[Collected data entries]
*** Block opens ***
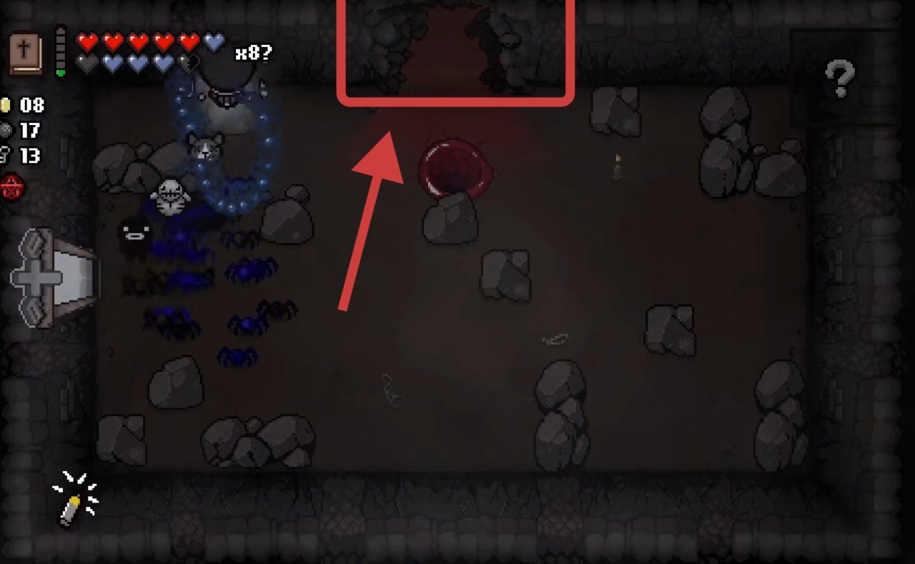陵墓1層也就是墮化媽腿層,必定刷新一個帶x標記的骷髏頭,炸掉之後掉落一張愚者卡牌讓你可以打敗媽腿之後回到初始房間。
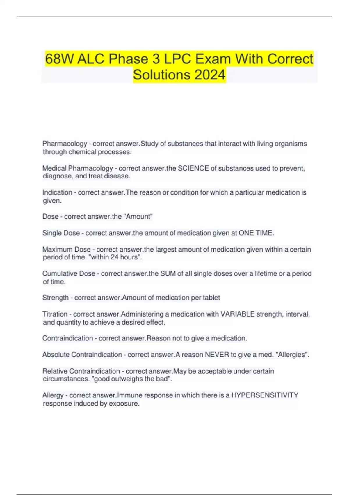 68W ALC Phase 3 LPC Exam With Correct
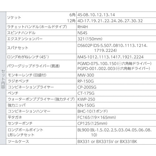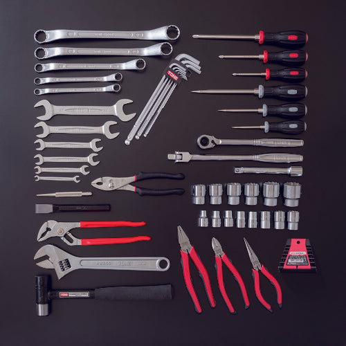 A standard set whose tools are carefully selected and which is suitable for maintenance of various industrial machinery.Case Color:Matte BlackCase Dimension (mm) W x D x H:433 x 220 x 240Set Contents (piece):53
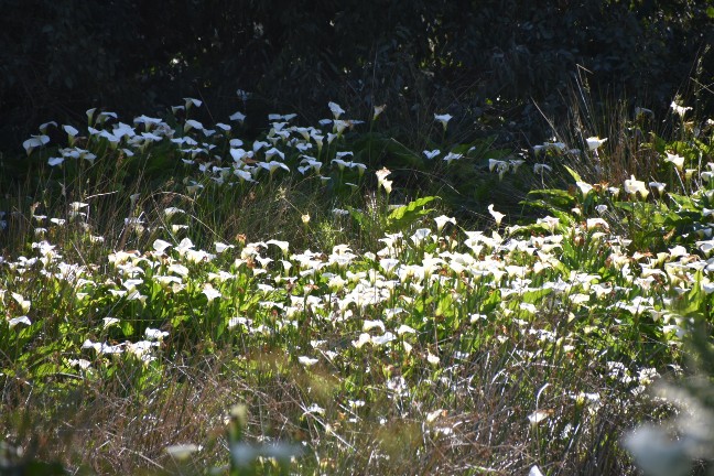 Auf dem Weg zur Bunker Bay mussten wir dann kurz anhalten, damit ich ein paar Bilder von diesen Kallas machen konnte. Die kosten in der Schweiz ja ein Vermögen und hier sind sie die reinste Plage. Wir finden sie nach wie vor schön. Aus all den Einfahrten hatten wir uns genau die zum Halten ausgesucht, in die etwa 4 Autos reinfahren wollten und wir waren natürlich voll im Weg…
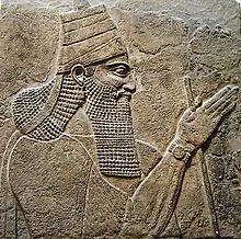 ![]() نقش برجسته از پادشاه تیگلتپیلسر سوم در دیواره کاخ خود (محل نگهداری: موزه بریتانیا) | |
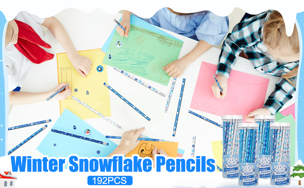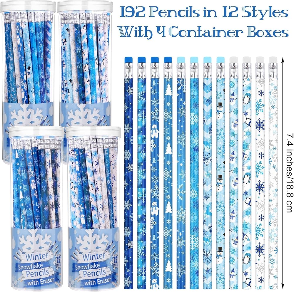 192 قطعة من أقلام الرصاص على شكل ندفة الثلج الشتوية مع ممحاة، هدايا عيد الميلاد، أقلام رصاص ممتعة للعطلات مع صندوق تخزين، أقلام رصاص HB، هدايا الحفلات المجمدة، لوازم مكافآت الحفلات والقرطاسية المدرسية
*** Block closes ***
◆ WORK REQUEST: The answer must repeat every record exactly, with all pictures left out.

◆ EXERCISE SOLUTION:
陵墓1層也就是墮化媽腿層,必定刷新一個帶x標記的骷髏頭,炸掉之後掉落一張愚者卡牌讓你可以打敗媽腿之後回到初始房間。
 68W ALC Phase 3 LPC Exam With Correct
 A standard set whose tools are carefully selected and which is suitable for maintenance of various industrial machinery.Case Color:Matte BlackCase Dimension (mm) W x D x H:433 x 220 x 240Set Contents (piece):53
 Auf dem Weg zur Bunker Bay mussten wir dann kurz anhalten, damit ich ein paar Bilder von diesen Kallas machen konnte. Die kosten in der Schweiz ja ein Vermögen und hier sind sie die reinste Plage. Wir finden sie nach wie vor schön. Aus all den Einfahrten hatten wir uns genau die zum Halten ausgesucht, in die etwa 4 Autos reinfahren wollten und wir waren natürlich voll im Weg…
 ![]() نقش برجسته از پادشاه تیگلتپیلسر سوم در دیواره کاخ خود (محل نگهداری: موزه بریتانیا) | |
 192 قطعة من أقلام الرصاص على شكل ندفة الثلج الشتوية مع ممحاة، هدايا عيد الميلاد، أقلام رصاص ممتعة للعطلات مع صندوق تخزين، أقلام رصاص HB، هدايا الحفلات المجمدة، لوازم مكافآت الحفلات والقرطاسية المدرسية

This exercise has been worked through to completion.